Work/life
My college allows students to submit an application for work/life experience. Basically, pick a class and send the faculty three pages on how you already learned the subject matter outside the classroom.As a professional software engineer working on a computer information systems degree, I submitted an application for consideration in nine classes. I just heard the results today. Of the nine classes, I was approved for credit in six classes. Sounds like good news, right? Well, it is, but read on.
Of the six classes I got credit in, three were essentially "introduction" level classes - computer program design, object oriented programming, and relational databases. The other three were all about database programming. As a software engineer where I work now, I design and use databases a lot, and I was a database consultant from 1992 to 2000.
What's really remarkable is what I didn't get credit for: Java Programming I, and Building Internet Applications I & II. HUH?!?

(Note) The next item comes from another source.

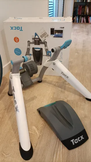 Soporte Tacx Flow Smart para entrenamiento de ciclismo. - Incluye soporte. - Incluye caja original. - Incluye elevador de rueda delantera. - Incluye rueda de entrenamiento y radio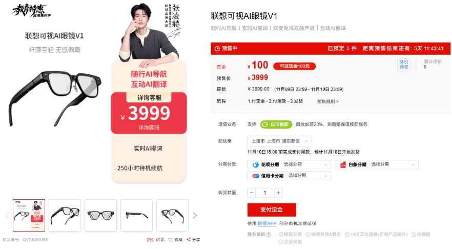 10月31日,联想AI眼镜V1正式发布,首发优惠价3999元,将在11月9日正式发售。

So let me get this straight. I work for a dot com. Not just any dot com, but the dot com that YOUR SCHOOL RUNS ON, and yes, some of the system was written by me. For fun, I built a database-driven, interactive fantasy sports web site. To help out IFGS, I'm building their online registry. I've written computer programs professionally since 1986, and have written web-based code in HTML, XML, Java, C-sharp, PHP and VB since 1995. But you won't give me credit in Building Internet Applications?!?
I guess I still got lucky on the other classes, and my last couple semesters should be pretty damn easy.